A tense standoff at the school went on for three days between the terrorists, Russian troops and armed local citizens - many of whom had family members trapped inside. Five years later, no one is still exactly sure what ignited the fighting, but soon the terrorists inside and people outside began shooting, prompting the Russian troops to storm the school. In the end, more than 300 people were killed, a majority of them children - in some cases, entire families were wiped out.
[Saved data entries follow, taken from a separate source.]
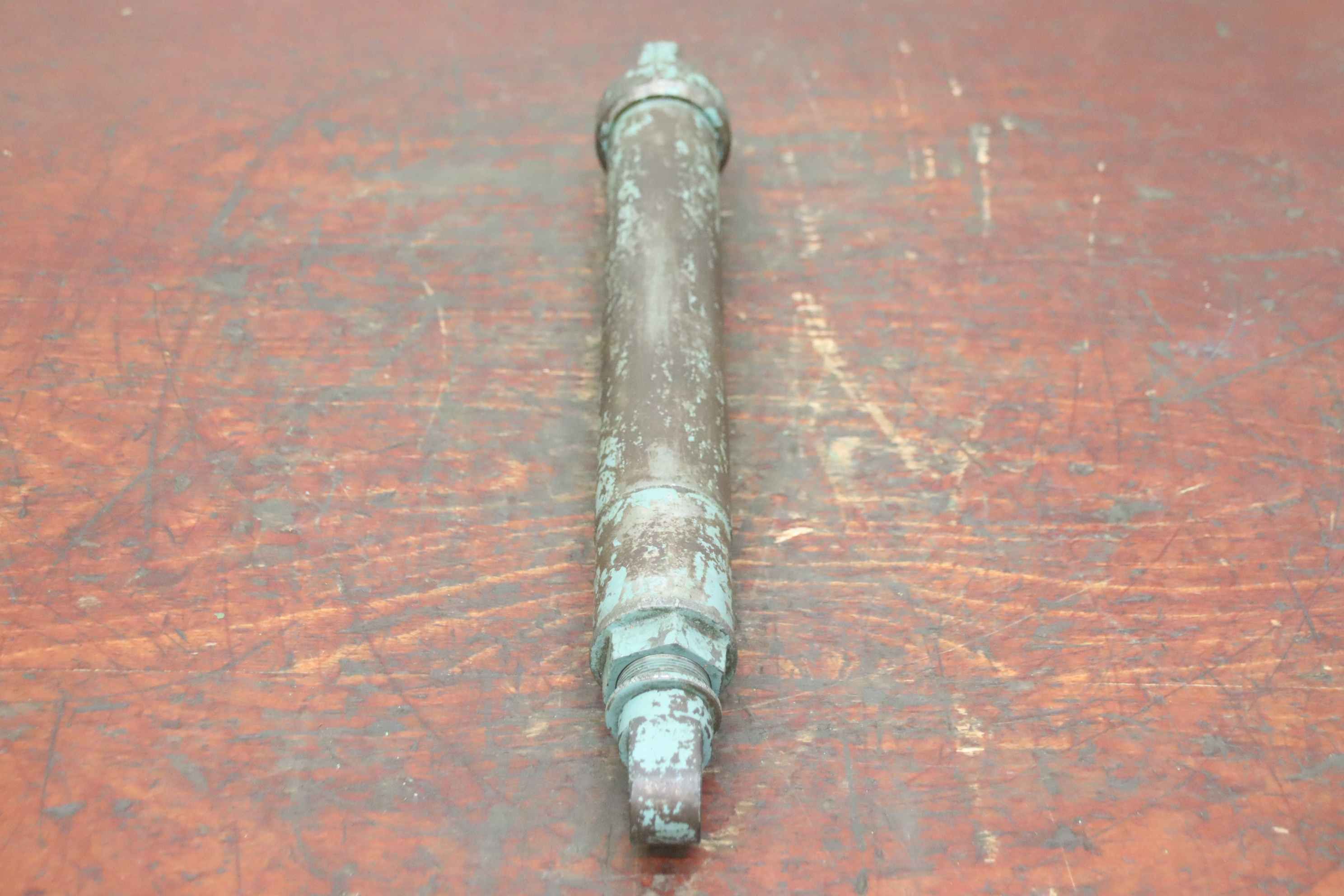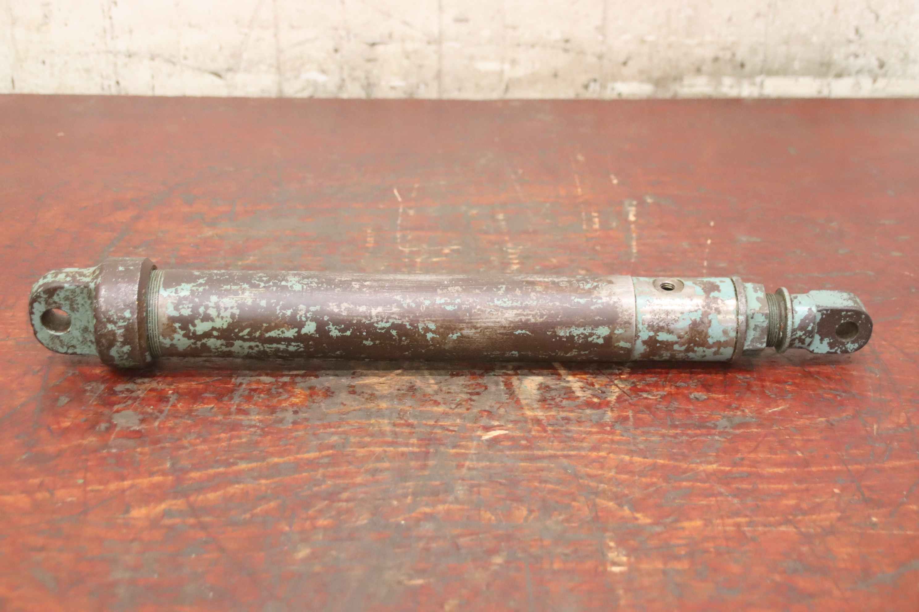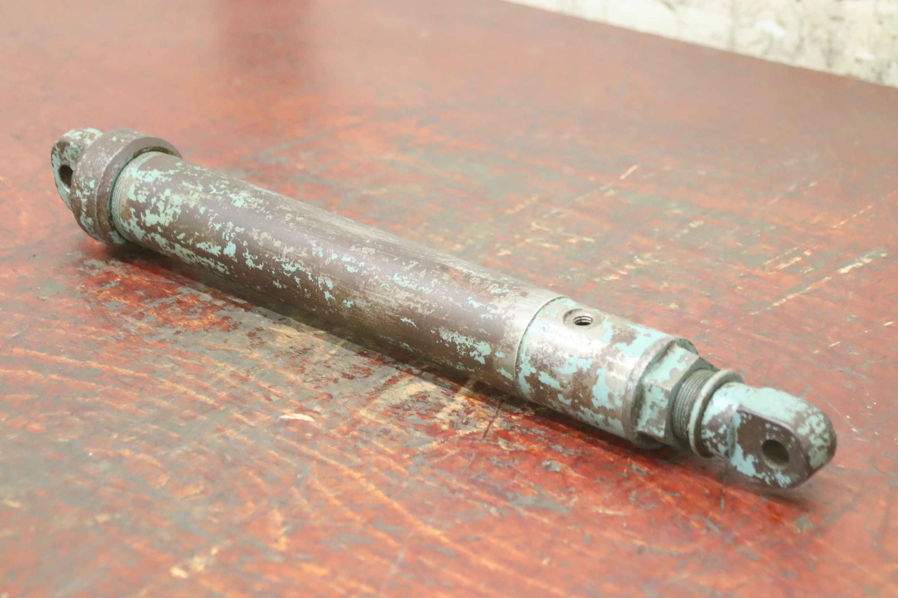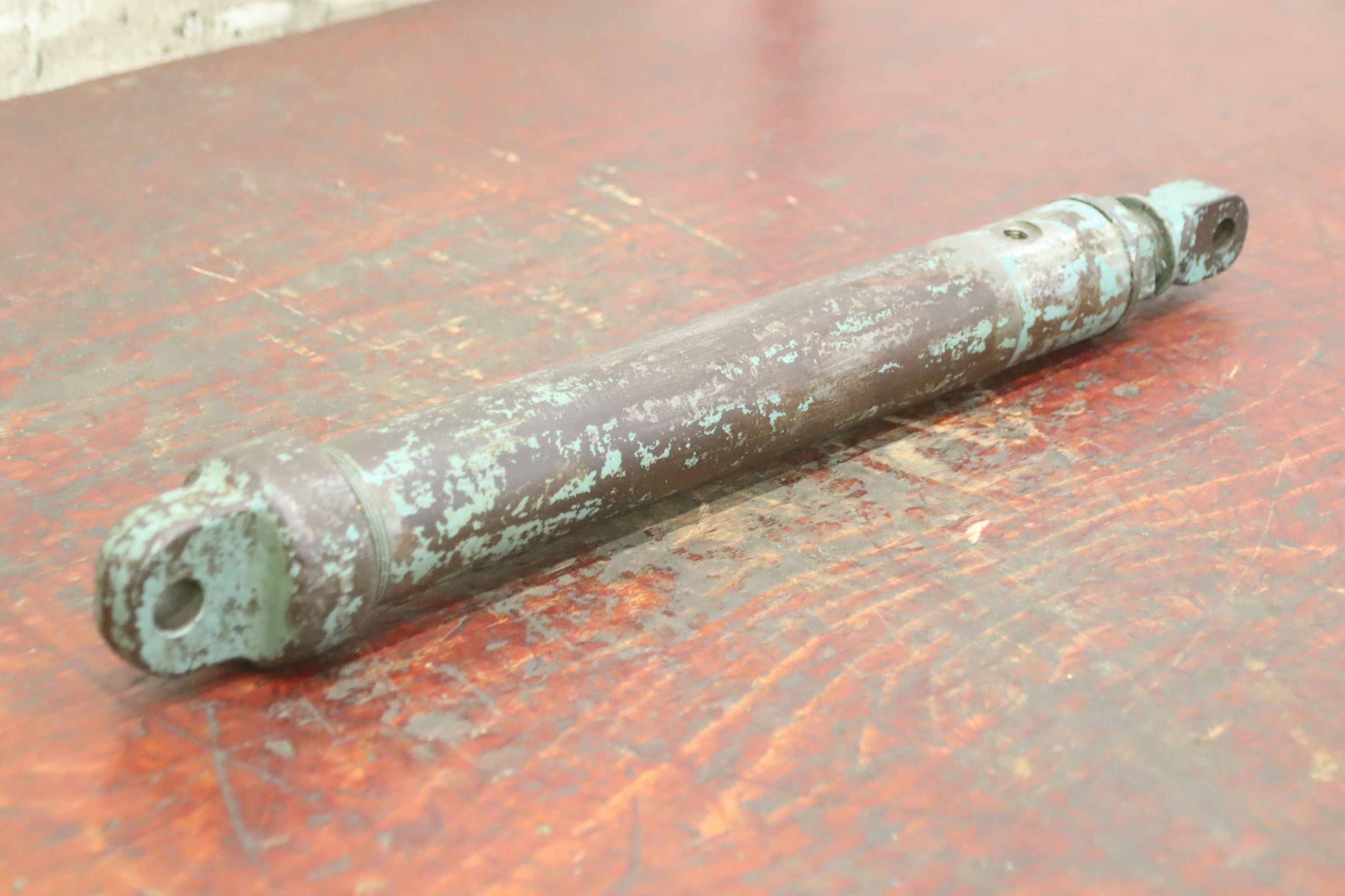 Hydraulic cylinders, support cylinders, hydraulic rams, pressure rams-Hydraulic cylinder: single-acting stroke 110 mm-Type: unfortunately without type designation-Piston rod: Ø 18 mm-Hole: Ø 13/16 mm / Distance: retracted 470 mm-Dimensions: Ø 65 x 500 mm-Weight: 5.1 kg
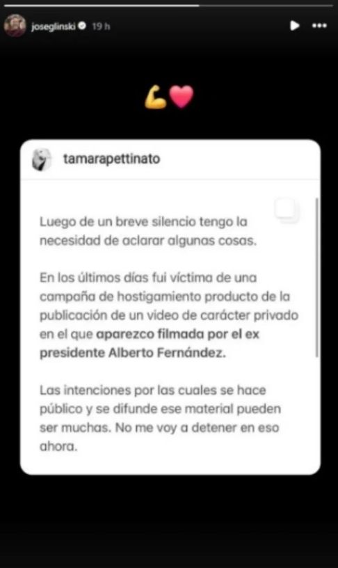 ¿Y qué hizo el compañero de Tamara? Compartió en sus historias de Instagram el posteo de la hija de Roberto Pettinato para darle más alcance y, como clara señal de apoyo, le sumó un corazón rojo y un emoji de “fuerza”.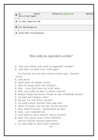 B: Meine Freundin, die will das. Sie ist Lehrerin.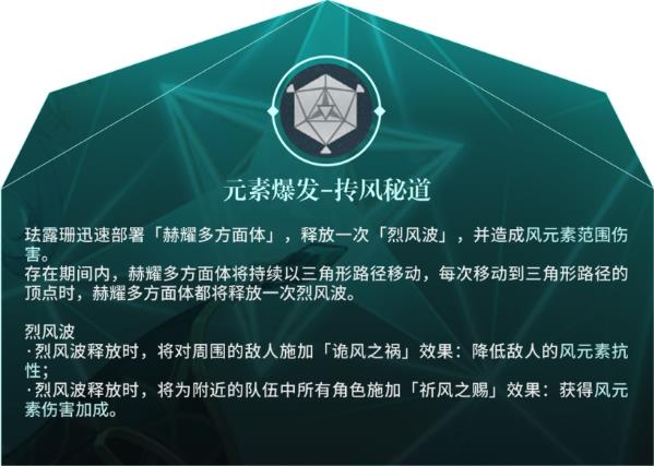 【烈风波】的增伤是全程覆盖的,而减抗需要怪物在影响范围内才能触发。「赫耀多方面体」是固定的移动路线,3秒走完一个三角形,并不会跟随怪物的位置改变,没有6命的「珐露珊」会出现减抗不稳定的问题。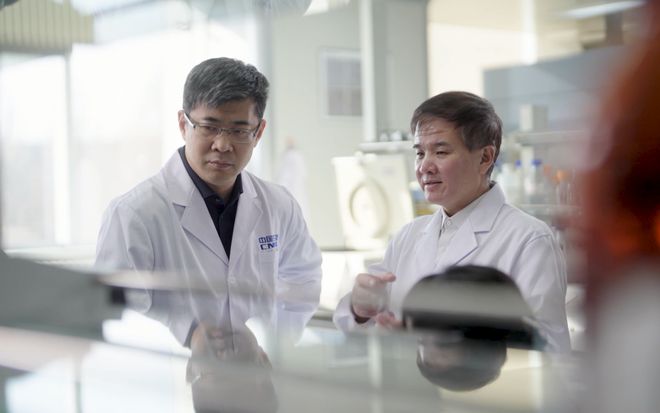 张云涛(右)在实验室与工作人员讨论研发方案。中国生物供图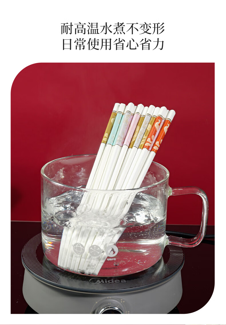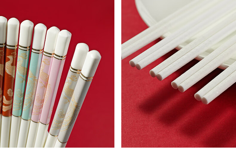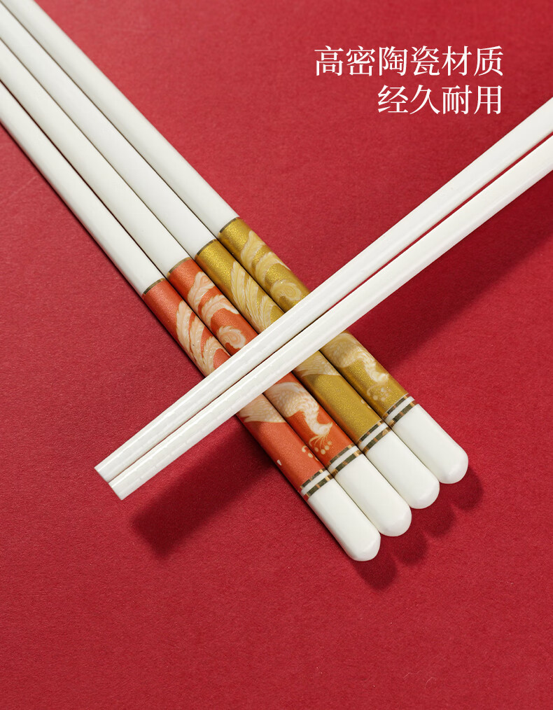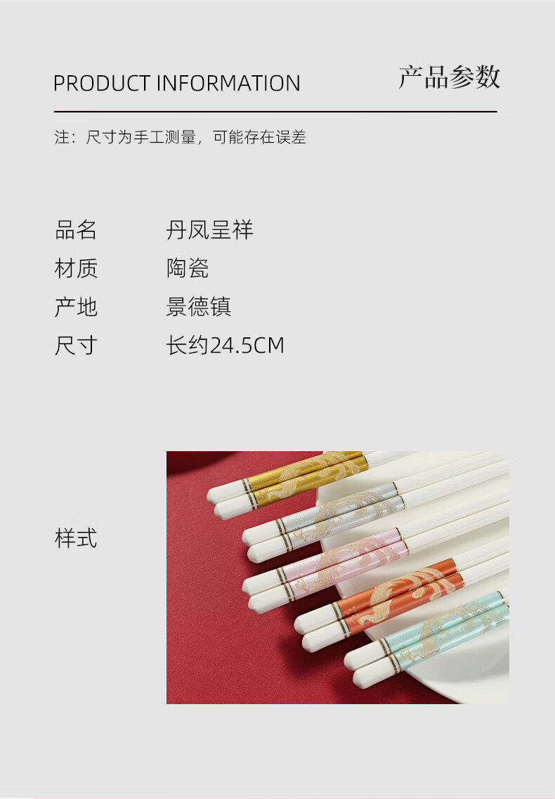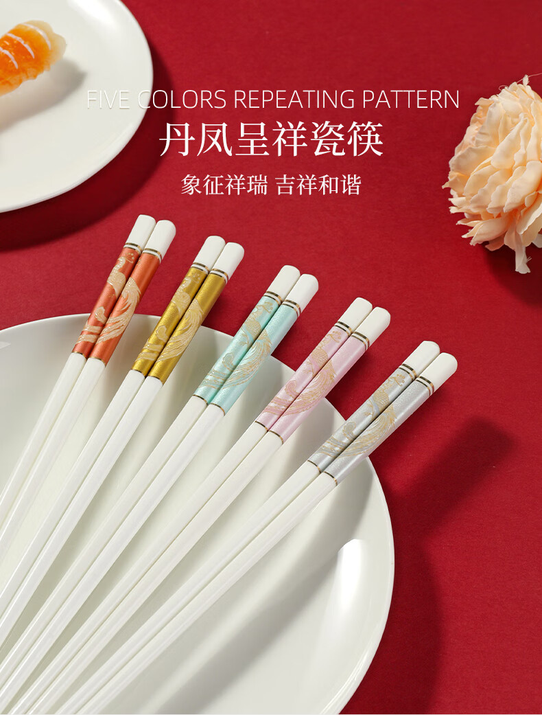 妙得景德镇陶瓷筷子耐高温不易发霉新款中式高质陶瓷筷乔迁 礼盒装:丹凤呈祥-五色混装 筷子10双(送饭勺)
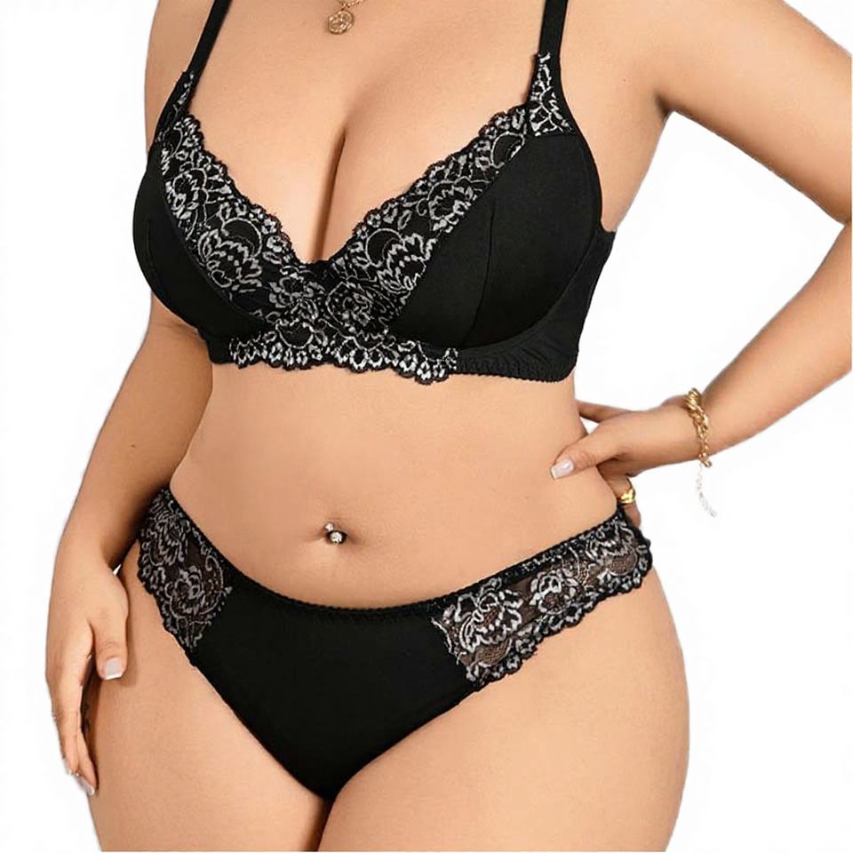 Ensemble soutien-gorge sexy grande taille sans armatures, rembourré, push-up, coupe haute, bonnet complet, uni, effet galbant, sans couture, confortable et respirant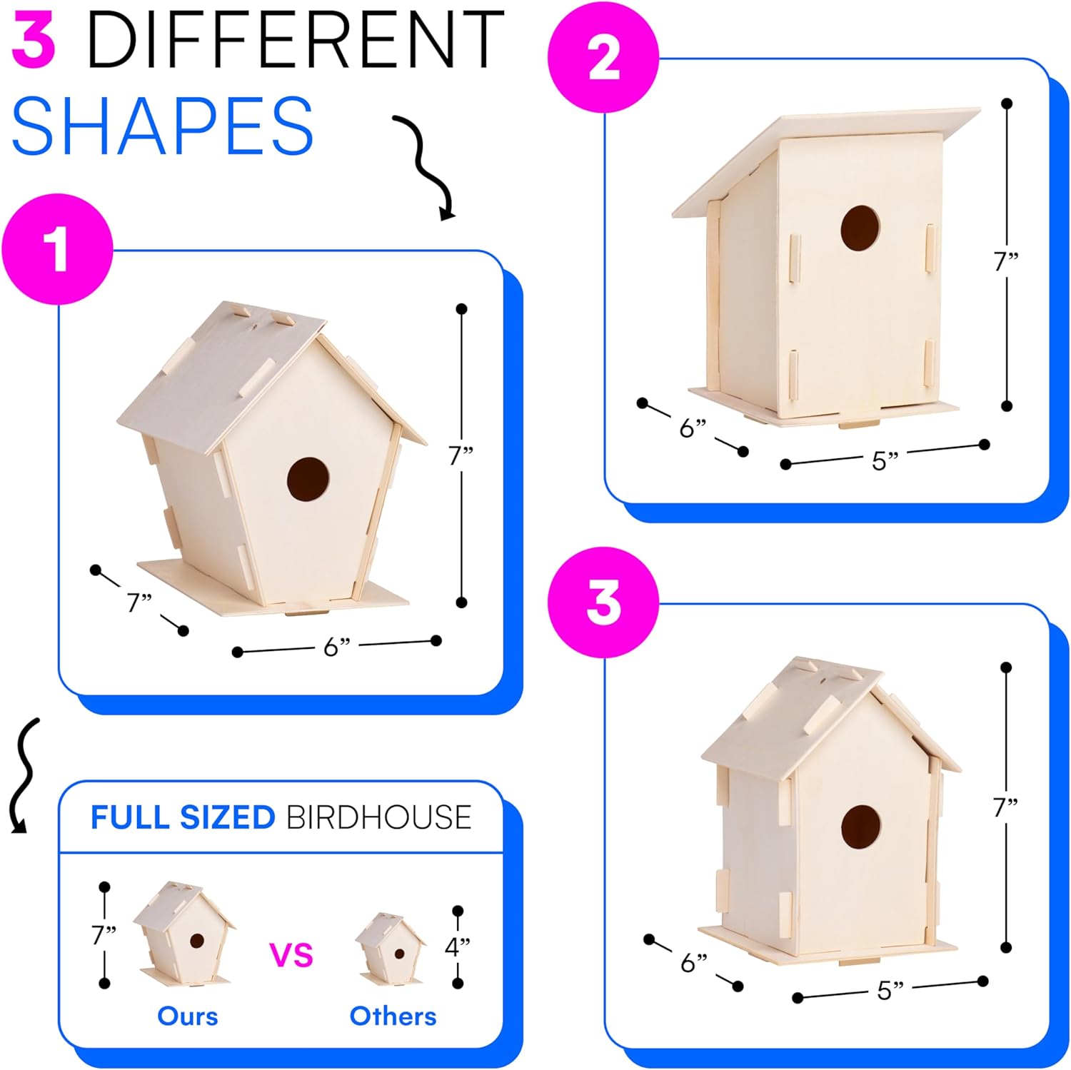 • Perfect for Group Activities: Ideal for arts and crafts for kids 4-6, birthday parties, or school projects; each set of wood bird houses to paint offers hours of creative fun for kids and adults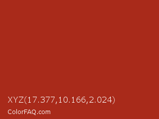 XYZ 17.377,10.166,2.024 Color is a normal red color and the nearest color is Roof Terracotta #a62f20. Hex code #a92a1a and RGB value is rgb(169,42,26). In RGB color space, this color is composed of 66% red, 16% green, 10% blue, In CMYK color space, this color is composed of 0% cyan, 75% magenta, 85% yellow , 34% black , In HSL color space, this color has a hue angle of 7° , 73% saturation and 38% lightness.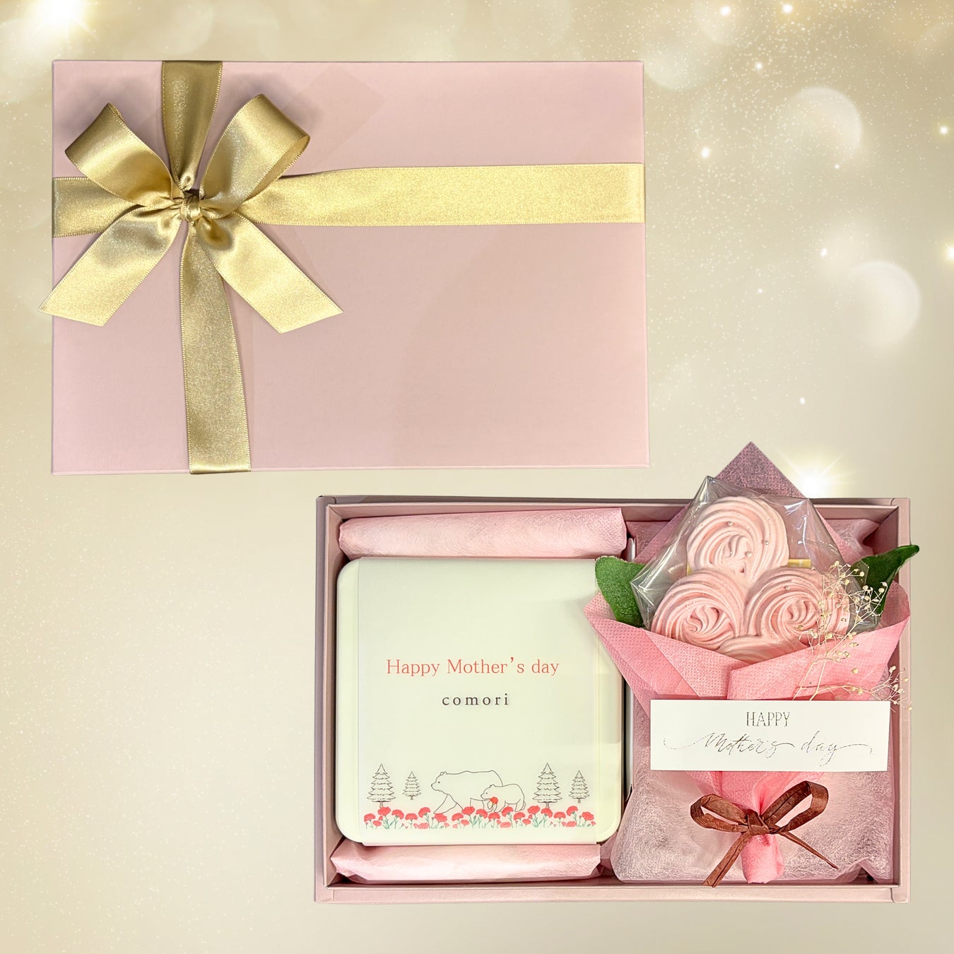 【商品名】母の日ギフト特別パッケージ クッキー缶とメレンゲ花束のギフトボックス

On today's BBC news, Oliver Bullough, the Caucasus Editor for the Institute for War and Peace Reporting, asks "Could [the] Beslan Tragedy Happen Again?" He gives some interesting insights into the thinking of the Chechens at the time of the Beslan attack. Shamil Basayev, mastermind of the attack, apparently really believed that Russia would give in to his demands that Russia give Chechnya its independence and that President Putin resign, in an interview following Beslan, Basayev said he "did not expect this (Russia's assault on the school)." By 2006 Basayev would be dead - blown up by Russian special forces soldiers, Aslan Maskhadov, leader of the Chechen rebels, died the year before in 2005.

For awhile it seemed like the insurgency in the Caucasus was largely finished, Russia even ended its decade-long anti-terrorism operation in Chechnya earlier this year. But Bullough argues that the passing of leaders like Basayev and Maskhadov has only paved the way for more radical voices to emerge, namely a rebel named Doku Umarov.

For Russia, the rise of Umarov is especially disturbing. Chechen leaders like Basayev and Maskhadov were basically nationalists using terrorism to carve out an independent homeland. Umarov, meanwhile, declared himself the head of the 'Caucasus Emirate' that included not only Chechnya, but the rest of the Caucasus region as well, and declared he would use it as a base to spread sharia law to all other Muslim countries around the world - basically, Umarov was fully embracing the al-Qaeda theology of global jihad.

His movement has been attracting converts fed up with the poverty and lack of opportunities that plague the Caucasus region. Recent high-profile attacks in the neighboring Republic of Ingushetia that included a bombing of a police station last month and the attempted assassination-by-bomb of Ingushetia's president show that the terror threat is once again growing in Southern Russia, only this time it's based not on the fight for an independent homeland, but instead belief in a warped ideology.